_Exercise aim_
Exact copy, no pictures: set down the lines from the one holding "MO-POWER FO SURE!" through the final line of the records below.

_Dataset records_
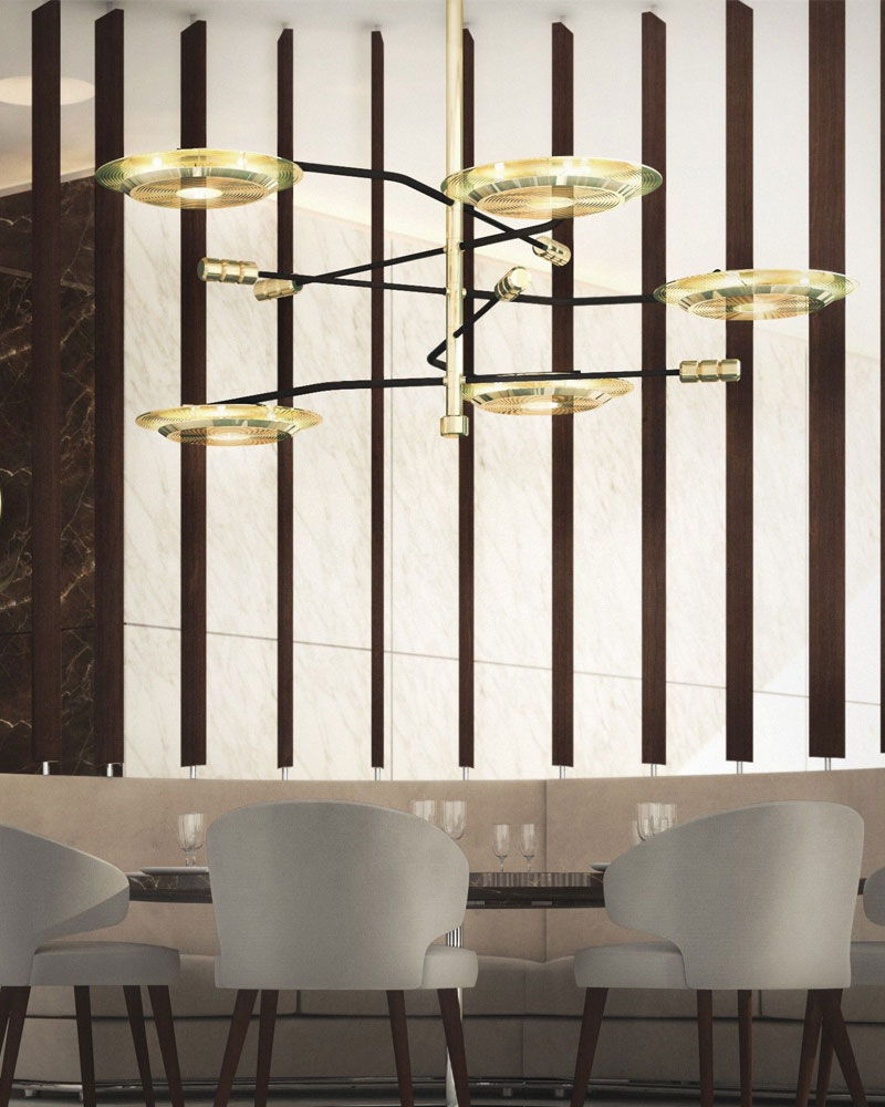 It incorporates 9 or 15 G9 lampholders, depending on the version of 3 or 5 arms respectively.
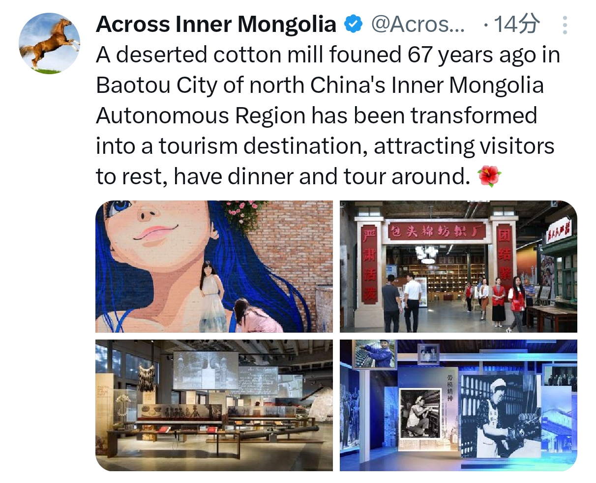 以下是部分海外社交媒体平台发布的内蒙古文旅新业态、文化新场景的页面展示。
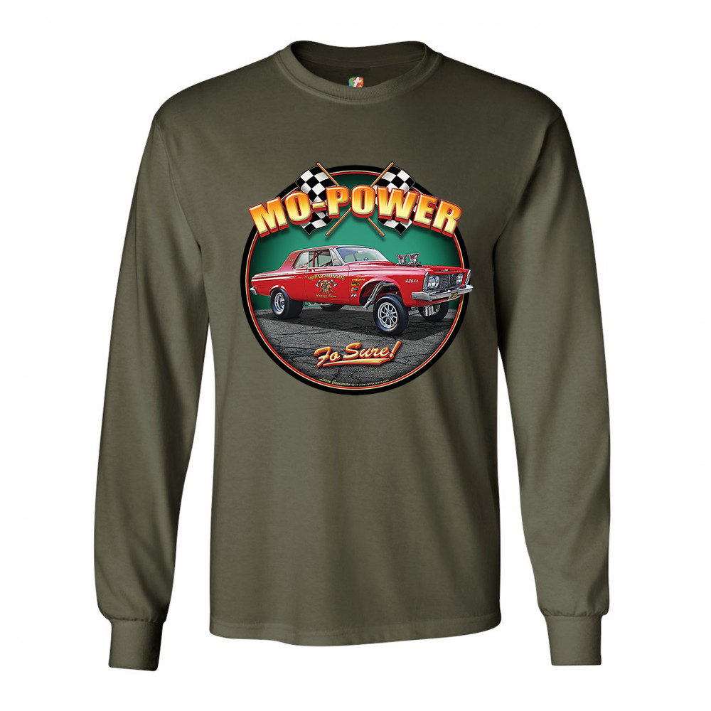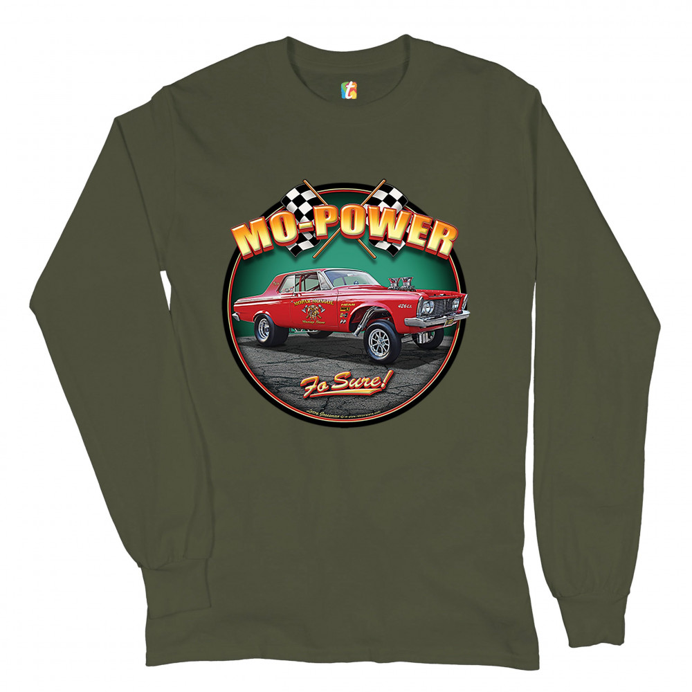 MO-POWER FO SURE! long sleeve t-shirt american muscle car racing route 66 military green
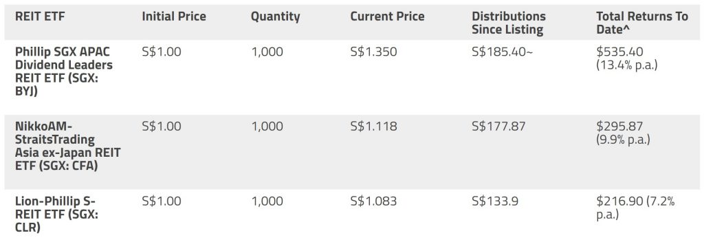 ^ Total Returns include the capital gains if you sold the shares and also the distributions accumulated since the shares were purchased at listing. Per annum return is computed by total returns divided by number of years since listing (i.e. Four years for SGX:BYJ and 3 years for SGX:CFA and SGX:CLR)
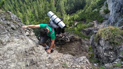 wspinaczki taterniczej, co utrudniają dodatkowo plecaki zapakowane na parę dni włóczęgi oraz silny wiatr. Tym razem nie pomogą nam łańcuchy czy stalowe liny jak na

_Solved problem_
 MO-POWER FO SURE! long sleeve t-shirt american muscle car racing route 66 military green
 ^ Total Returns include the capital gains if you sold the shares and also the distributions accumulated since the shares were purchased at listing. Per annum return is computed by total returns divided by number of years since listing (i.e. Four years for SGX:BYJ and 3 years for SGX:CFA and SGX:CLR)
 wspinaczki taterniczej, co utrudniają dodatkowo plecaki zapakowane na parę dni włóczęgi oraz silny wiatr. Tym razem nie pomogą nam łańcuchy czy stalowe liny jak na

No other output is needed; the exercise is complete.